Thank You for Smoking |
directed by Jason Reitman
This is an intelligent, excellent satirical film, so don't get caught up in the title, for I think it can be misleading. Smokers, for example, will likely suspect this film of being a vengeful attempt to make Big Tobacco look like Satan's most loyal servants, while anti-tobacco's attack dogs may suspect some hidden agenda to actually make smoking look cool. Neither would be correct.
Thank You for Smoking launches its barbs into both sides of the tobacco conflict, shining a good bit of the harsh light of truth onto both. No matter which side you're on, you can enjoy this brilliant little film.
The sad fact is that the debate over smoking often has nothing to do with cigarettes; it's really all about money and power and politics. Obviously, many people oppose smoking for very sincere reasons, but some politicians jump on board merely as a means to power and influence. In this movie, they're represented by Vermont's Senator Ortolan K. Finistirre (William H. Macy), who is leading the effort to put a large poison label on cigarettes. He's not exactly all heart, though: berating his assistant for not choosing someone obviously on death's door for his "cancer boy," lamenting that one of his enemies didn't actually die after being attacked by anti-smoking vigilantes and generally engaging in the same kind of self-profiting spin as the representatives of Big Tobacco.
Finistirre's nemesis is Nick Naylor (Aaron Eckhart), the smooth-talking de facto spokesman for the tobacco industry. Eckhart's brilliant performance keeps the film far away from the many pitfalls that would seem to dominate the landscape for this kind of satire. Naylor is almost untouchably good at his job, able to deftly and quickly take a hostile crowd and win them over (or at least stave them off) with his defense of freedom and personal choice in America. Why does he do what he does? That's never definitively answered, but paying the mortgage is alluded to by Nick and several other characters. One thing that Nick alone has, however, is a human and sympathetic persona, as revealed in his relationship with his son. The presence of the boy adds to the story's otherwise absurdist atmosphere, as we watch the boy look up to and begin to emulate his father's debating skills. More than that, it shows us a human side to Nick, and that is something this film almost had to have in order to succeed.
Nick's character is sort of morally ambivalent, but you can't help but like him -- and he certainly comes off in a better light than Finistirre and a reporter played (passably at best) by Katie Holmes. Nick should have known better than to sleep with a journalist, as Heather Holloway goes about doing her job much the same way Nick goes about doing his. Her only concern is the story and the attention it will bring her. She and Finistirre, much more than Nick and his fellow spokesmen from the alcohol and firearms industries (who jokingly refer to themselves as the MOD [Merchants of Death] Squad and argue over which of their products is more deadly), are the real villains of the story. Even if and when they might do the right thing, they do it for all the wrong reasons. Nick may engineer good spin for Big Tobacco, but at least he doesn't pretend to be someone he isn't.
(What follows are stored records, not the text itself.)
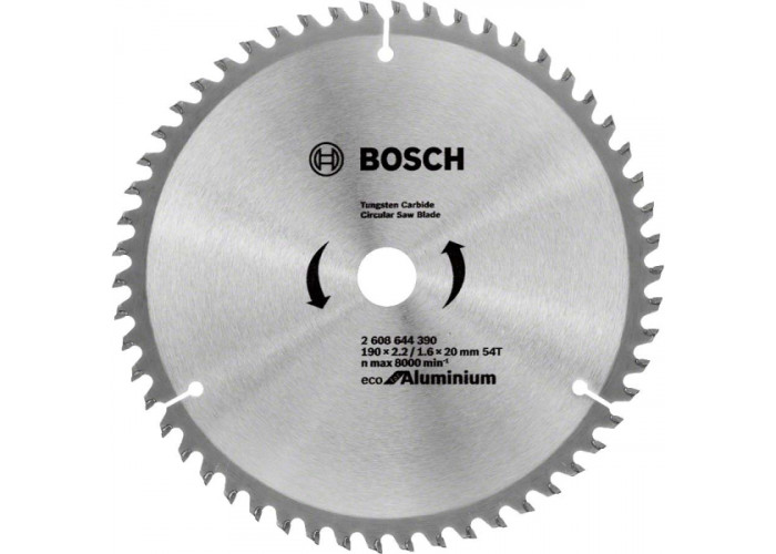 - Відрізний круг Bosch Eco for Aluminium з 54 зубами форми HLTCG призначений розрізати алюмінієві або пластмасові заготовки, роблячи чистий, точний різ шириною 2,2 мм.
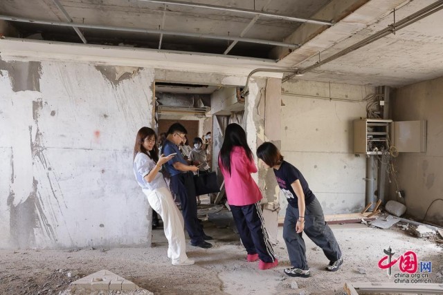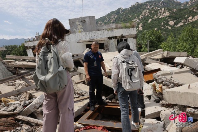 8月28日,国家地震紧急救援训练基地,记者们体验倾斜式倒塌训练废墟。中国网记者 董宁 摄影
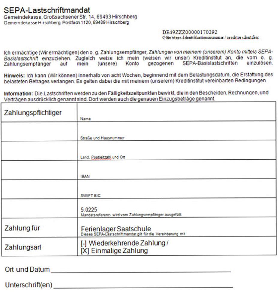 Mit der Online-Anmeldung Ihres Kindes stimmen Sie dem hier abgebildeten SEPA-Lastschriftmandat zu.
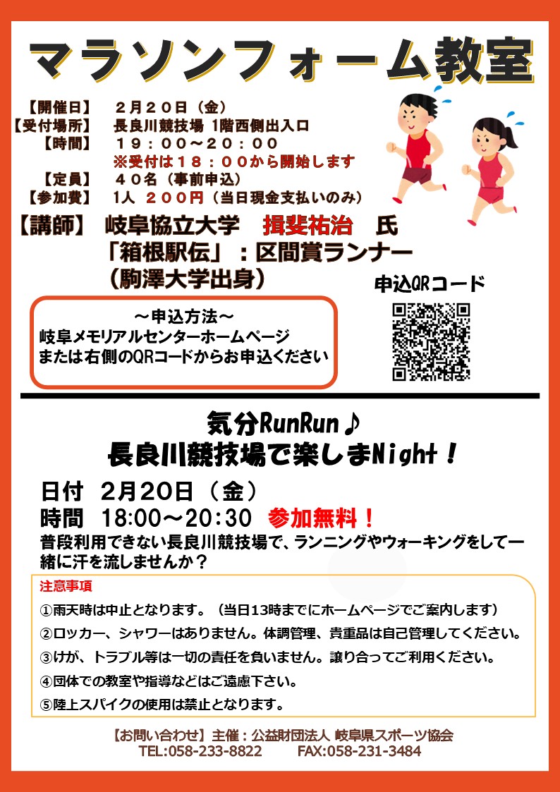 2月20日(金)「気分RUNRUN♪長良川競技場で楽しまnight!!」同時開催「マラソンフォーム教室」
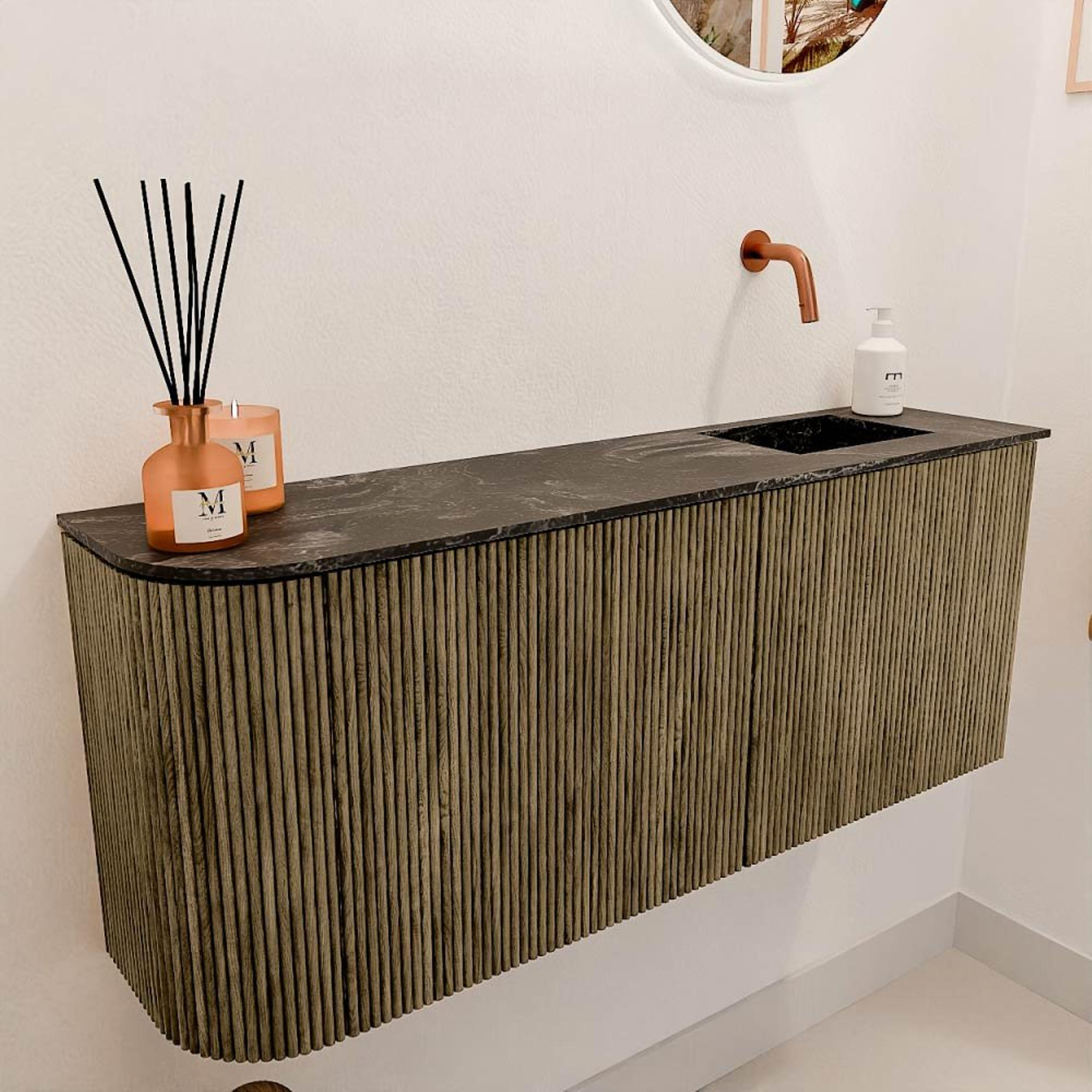 Met dit prachtige meubel geef je jouw badkamer direct een stijlvolle en warme uitstraling. Het combineert vakmanschap met een doordacht design, waardoor het niet alleen mooi oogt, maar ook uiterst praktisch is. Dankzij de subtiele ronding aan de linkerkant en de elegante kleur Dusk krijgt je ruimte een unieke en verfijnde sfeer. De wastafel, geplaatst aan de rechterzijde, biedt je volop comfort tijdens het gebruik. Zonder kraangat kun je zelf kiezen welke kraan het beste bij jouw stijl en wensen past. Dit meubel is een echte blikvanger die jouw badkamer transformeert tot een plek waar je elke dag met plezier begint en eindigt.
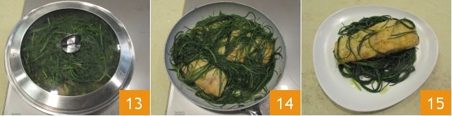Cover with a lid 13 and cook for 7-8 minutes over medium heat, checking occasionally. Once cooking is complete 14, salt and pepper to taste, and serve your perch fillet immediately on a bed of agretti 15.
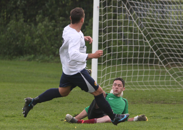 With Clegg and Hoggard running their back four ragged, the fourth goal came just 10 minutes later when Comiskey robbed their player of the ball before ‘Feeding the Hog’ who raced away and placed his low shot to the side of the on rushing ‘keeper.

The film features a surprisingly good cast (excepting Holmes, whose "steamy" scene with Eckhart is almost too far away from the camera to be seen with the naked eye), including the likes of Eckhart, Elliott, Macy, Robert Duvall, Rob Lowe and -- in a really funny cameo -- Dennis Miller. Jason Reitman may be a young filmmaker, but he really nailed just about every aspect of this film. Making a film about Big Tobacco that never deviates from its satirical position to moralize either for or against smoking, skewers all concerned parties equally, defies the dangerous modern-day obsession with political correctness and maintains a consistently intelligent, funny atmosphere throughout, is quite an accomplishment indeed. Unless you simply can't take a joke, you're going to enjoy this movie.